» What the exercise asks: Exactly as written, set down each line of the data below except its pictures.

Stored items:
++++++
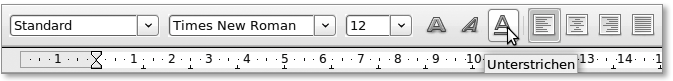 Für die Formatierung von Text stehen Ihnen selbstverständlich diverse Möglichkeiten zur Verfügung (Kursivschrift, Fettschrift, Unterstreichen von Text, verschiedenste Schriften und Schriftgrößen usw.). Die entsprechenden Symbole zur Veränderung von Text finden Sie in der Symbolleiste. Bewegen Sie den Mauszeiger über eines der Symbole, um zu erfahren, was es bewirkt. Die folgende Abbildung zeigt die typischen Schaltflächen zur Formatierung von Text.
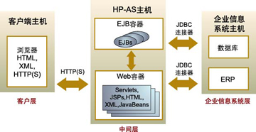 在一個(gè)開發(fā)環(huán)境中把上述3層一般都安裝在同一臺(tái)計(jì)算機(jī)上,以便模擬3層環(huán)境。這樣,開發(fā)者在實(shí)際環(huán)境開發(fā)應(yīng)用之前,可以快速開發(fā)和測試應(yīng)用?墒,在實(shí)際環(huán)境中,各個(gè)層一般位于不同的計(jì)算機(jī)上。圖2表示了HP-AS是如何采用J2EE技術(shù)實(shí)現(xiàn)分布式應(yīng)用的。
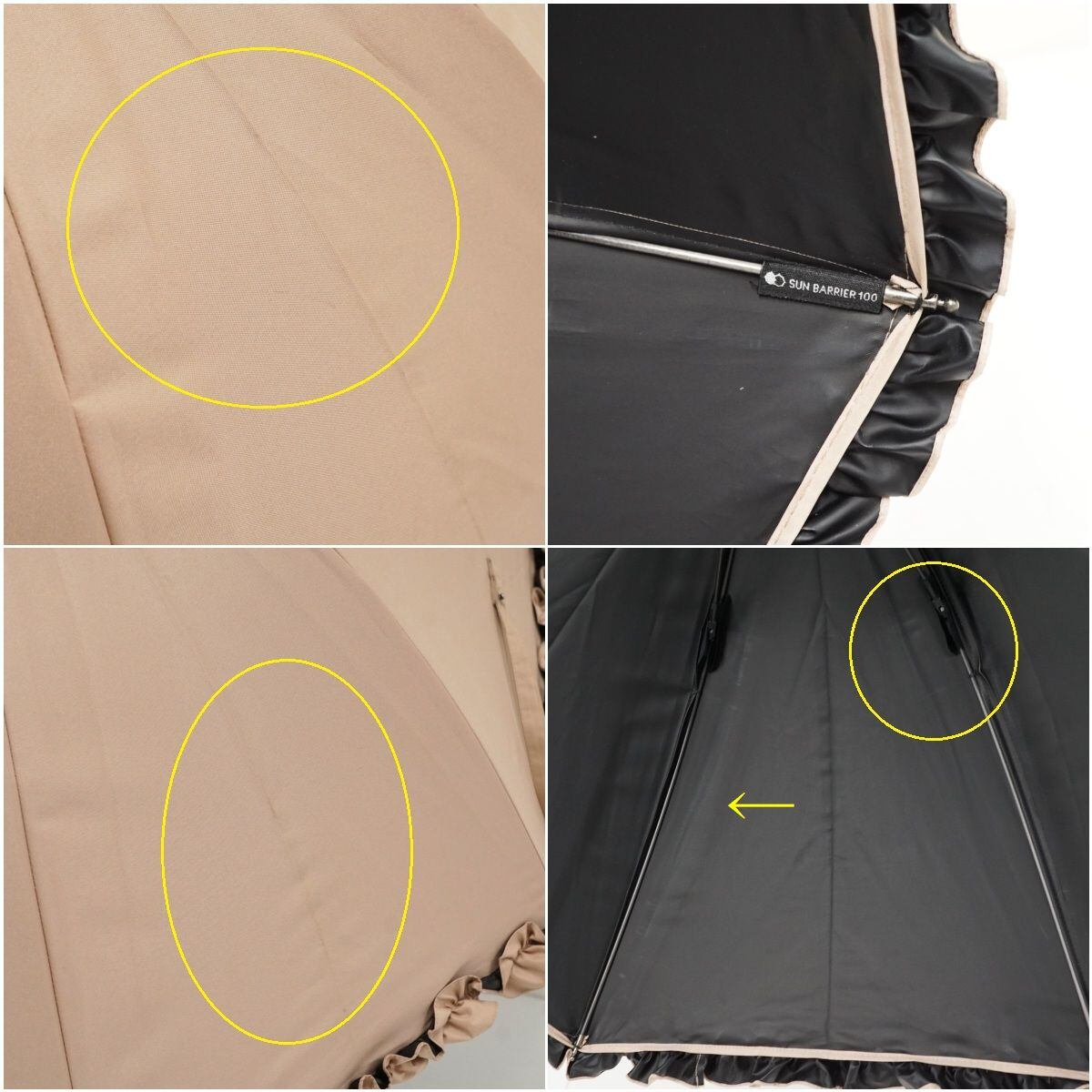 サンバリア100 完全遮光日傘 USED品 ピンク フリル Sサイズ UVカット カーボンフレーム 遮熱 47cm S3556
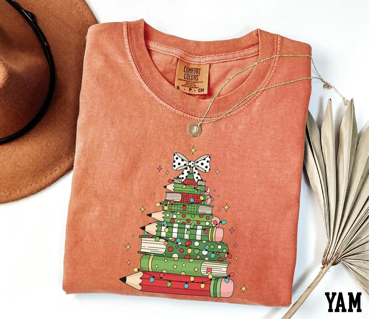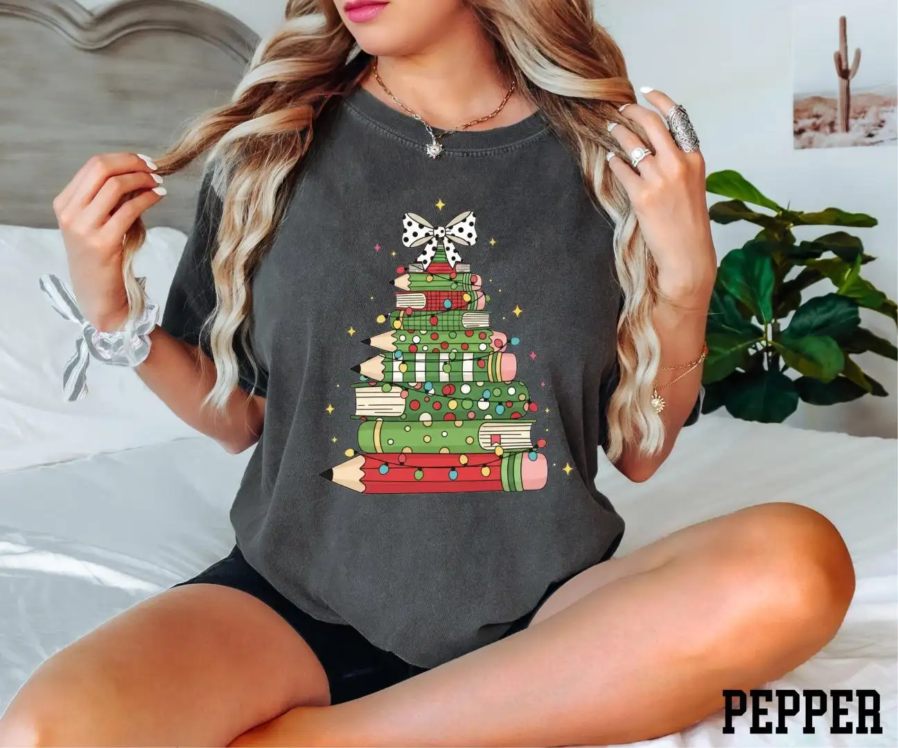 Comfort Colors® Pencil Christmas Tree Shirt, Christmas Gift for Teacher, Christmas Holiday Tee, Bookish Christmas Shirt, Teacher Life Shirt
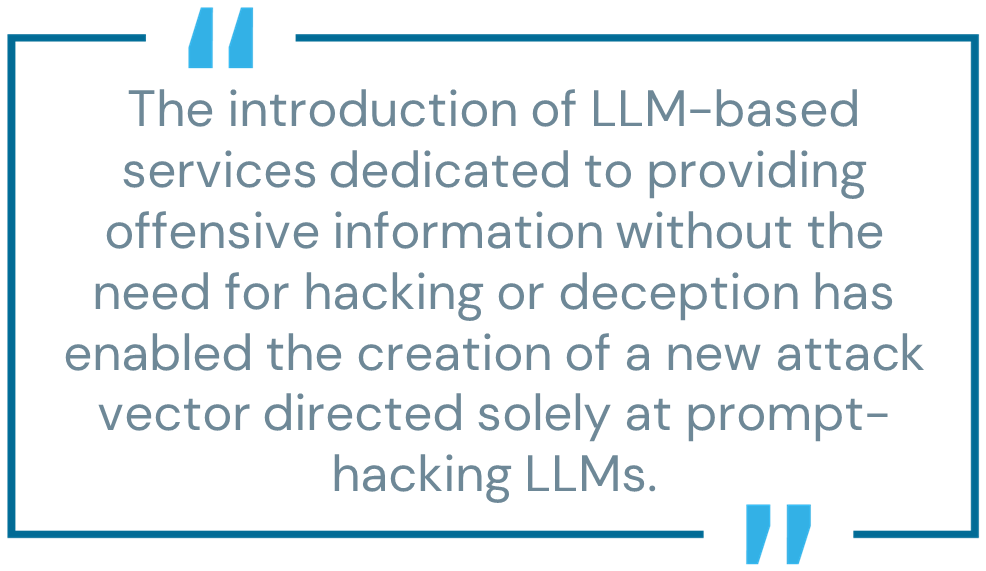 The introduction of LLM-based services dedicated to providing offensive information without the need for hacking or deception has enabled the creation of a new attack vector directed solely at prompt-hacking LLMs. This new type of cyberattack exploits LLM vulnerabilities by creating specific prompt inputs to manipulate the base behavior and elicit prohibited responses. This attack vector has three distinct techniques:
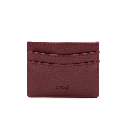 A slim, minimalist leather card holder designed for everyday convenience, featuring RFID protection and a compact profile that fits easily in any pocket.
++++++
» Output below:
 Für die Formatierung von Text stehen Ihnen selbstverständlich diverse Möglichkeiten zur Verfügung (Kursivschrift, Fettschrift, Unterstreichen von Text, verschiedenste Schriften und Schriftgrößen usw.). Die entsprechenden Symbole zur Veränderung von Text finden Sie in der Symbolleiste. Bewegen Sie den Mauszeiger über eines der Symbole, um zu erfahren, was es bewirkt. Die folgende Abbildung zeigt die typischen Schaltflächen zur Formatierung von Text.
 在一個(gè)開發(fā)環(huán)境中把上述3層一般都安裝在同一臺(tái)計(jì)算機(jī)上,以便模擬3層環(huán)境。這樣,開發(fā)者在實(shí)際環(huán)境開發(fā)應(yīng)用之前,可以快速開發(fā)和測試應(yīng)用?墒,在實(shí)際環(huán)境中,各個(gè)層一般位于不同的計(jì)算機(jī)上。圖2表示了HP-AS是如何采用J2EE技術(shù)實(shí)現(xiàn)分布式應(yīng)用的。
 サンバリア100 完全遮光日傘 USED品 ピンク フリル Sサイズ UVカット カーボンフレーム 遮熱 47cm S3556
 Comfort Colors® Pencil Christmas Tree Shirt, Christmas Gift for Teacher, Christmas Holiday Tee, Bookish Christmas Shirt, Teacher Life Shirt
 The introduction of LLM-based services dedicated to providing offensive information without the need for hacking or deception has enabled the creation of a new attack vector directed solely at prompt-hacking LLMs. This new type of cyberattack exploits LLM vulnerabilities by creating specific prompt inputs to manipulate the base behavior and elicit prohibited responses. This attack vector has three distinct techniques:
 A slim, minimalist leather card holder designed for everyday convenience, featuring RFID protection and a compact profile that fits easily in any pocket.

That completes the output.